Допрос шел как-то странно. Незаметно для самого себя мысли Коваля то и дело обращались к Ружене, и, слушая рассказ Чепикова о Марии, он думал о своем. Войдя в его одинокую жизнь, Ружена тоже словно бы размягчила душу, сделала ее более чуткой. И, возможно, поэтому подполковник допрашивал сегодня Чепикова не так, как обычно, внутренне сопротивляясь тем фактам, которые свидетельствовали против подозреваемого. Чувствовал, что радовался бы, если сидящий сейчас перед ним взъерошенный мужчина оказался бы невиновным. Подумал: пока все собирали материалы, которые обвиняли Чепикова, и никто не искал фактов оправдывающих.

А Чепиков вдруг, словно забыв, где и с кем разговаривает, повел речь о своей жене, о том, как благодаря ей появились у него новые силы, как сначала легко и быстро все делалось: и дом строился, и совместная жизнь складывалась…

Все, что при жизни не успел сказать Марии и только здесь, в камере, почувствовал и понял, он рассказывал сейчас чужому человеку…

— Любить — конечно, прекрасно, но надо, чтобы и тебя любили, — горячо говорил Чепиков. — Мне повезло… Пошла за меня по любви, девушкой была. Вот сейчас думаю и гадаю, за что мне такое счастье было, чем я заслужил и почему не оправдал?! Как же я мог стрелять в нее, в мою Марусю? Говорят, ревновал! — продолжал он с горьким сарказмом. — Да не ревновал я ее! Совсем другое было… Отреклась от меня Маруся, от людей, от самой своей жизни — вот чего я не мог видеть… Не понимал я раньше ее нужды в ребенке. Появилось это чувство у нее в родильном доме и так охватило, что на плаху пошла бы… А тут еще и мать, Лагута со своими обещаниями. Втянули в дурацкую веру, да так, что погодя и о будущем ребенке перестала мечтать, обезумела в своем набожье и сгорала как свеча. Степанида меня пустотой души укоряла, мол, без бога живу, но ведь позволь я Лагуте заарканить и себя, он вмиг бы всех сожрал…

Серые стены камеры в райотделе милиции, наверное, никогда не слышали таких страстных слов о любви, таких признаний, какие сейчас звучали в устах этого поверженного человека. Ковалю они не показались странными, он все больше убеждался, что не мог Чепиков стрелять в жену, что в этом случае произошло нечто такое, что не укладывается в обычные мерки и в статьи Уголовного кодекса.

Дмитрию Ивановичу ничего другого не оставалось, как продолжать искать, сопоставлять факты, самые мельчайшие, чтобы увидеть действительную картину событий и обнаружить такую необходимую всем истину.

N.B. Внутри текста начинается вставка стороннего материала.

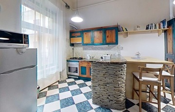 A konyha teljesen felszerelt, a munkapult márvánnyal borított, amely egy szintén márványborítású bárpulttal is ki van egészítve.

— Вы говорили, что Лагута вмешивался в вашу семейную жизнь. Почему? Зачем это ему нужно было?

— Мстил он мне.

— За что?

— Да за все. За счастье мое. И за то, что презирал его и открыто говорил. Как вспомню войну, погибших здесь друзей, убить готов был этого слизняка. Отсиделся с немцами, пятки им лизал, а пришли мы — прикинулся дурачком, юродивым, в яме жил, корни жрал, зверюга… А потом вон какую храмину отгрохал рядом с нашей хатой и людей с толку сбивать начал. Я видел, что тянет и Марусю в пропасть, понимал, что погубит ее, а сделать ничего не мог. От бессилия своего с ума сходил. Однажды схватил пистолет — он у меня в тайнике лежал, — а выстрелить в подлюгу не смог. Не война же!.. Зайца или птицу и то убить сейчас не могу, — добавил Чепиков. — А тут хотя и вражина, но все же человек.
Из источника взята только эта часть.